R for Public Health: Basics of Histograms

Saturday, December 22, 2012

Basics of Histograms

Histograms are used very often in public health to show the distributions of your independent and dependent variables. Although the basic command for histograms (hist()) in R is simple, getting your histogram to look exactly like you want takes getting to know a few options of the plot. Here I present ways to customize your histogram for your needs.

First, I want to point out that ggplot2 is a package in R that does some amazing graphics, including histograms. I will do a post on ggplot2 in the coming year. However, the hist() function in base R is really easy and fast, and does the job for most of your histogram-ing needs. However, if you want to do complicated histograms, I would recommend reading up on ggplot2.
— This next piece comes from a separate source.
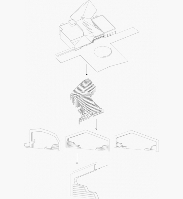 Helen & Hard: Vennesla Library. Exploded axonometric of building structure. (Drawing: Helen & Hard)
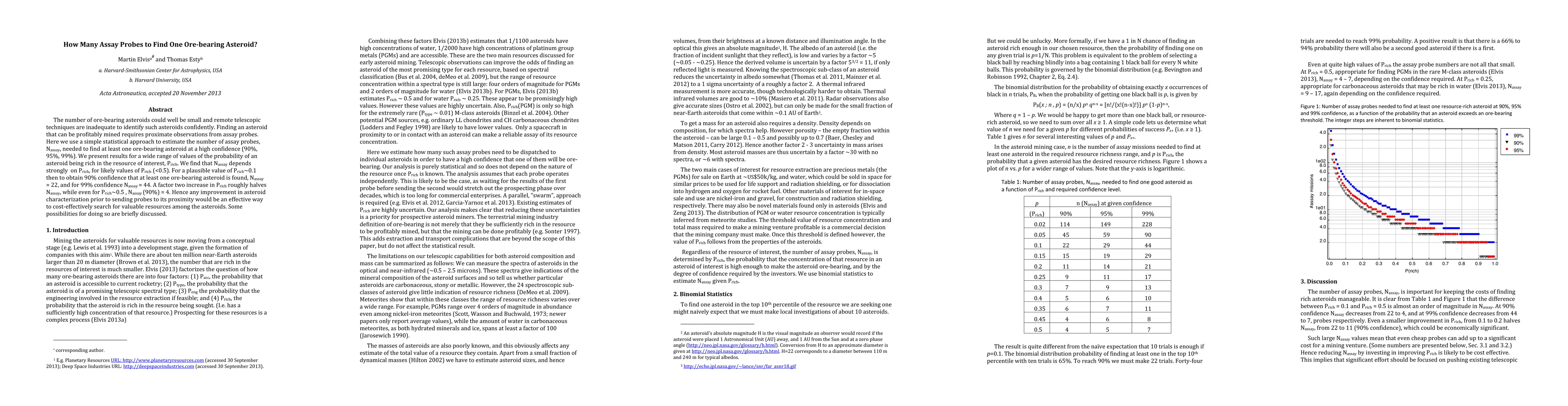 This paper estimates the number of assay probes required to find at least one ore-bearing asteroid with high confidence, finding that Nassay strongly depends on the probability Prich of an asteroid being resource-rich. For Prich~0.1, it requires 22 probes for 90% confidence and 44 for 99% confidence, highlighting the importance of pre-probe characterization to reduce costs.

Okay so for our purposes today, instead of importing data, I'll create some normally distributed data myself. In R, you can generate normal data this way using the rnorm() function:

BMI<-rnorm(n=1000, m=24.2, sd=2.2)

So now we have some BMI data, and the basic histogram plot that comes out of R looks like this:

hist(BMI)

Which is actually pretty nice. There are a number of things that R does by default in creating this histogram, and I think it's useful to print out that information to understand the parameters of this histogram. You can do this by saving the histogram as an object and then printing it like this:

histinfo<-hist(BMI)
histinfo

And you get the output below:

This is helpful because you can see how R has decided to break up your data by default. It shows the breaks, which are the cutoff points for the bins. It shows the counts, intensity/density for each bin (same thing but two different names for R version compatibility), the midpoints of each bin, and then the name of the variable, whether the bins are equidistant, and the class of the object. You can of course take any one of these outputs by itself, i.e. histinfo$counts would give you just the vector of counts.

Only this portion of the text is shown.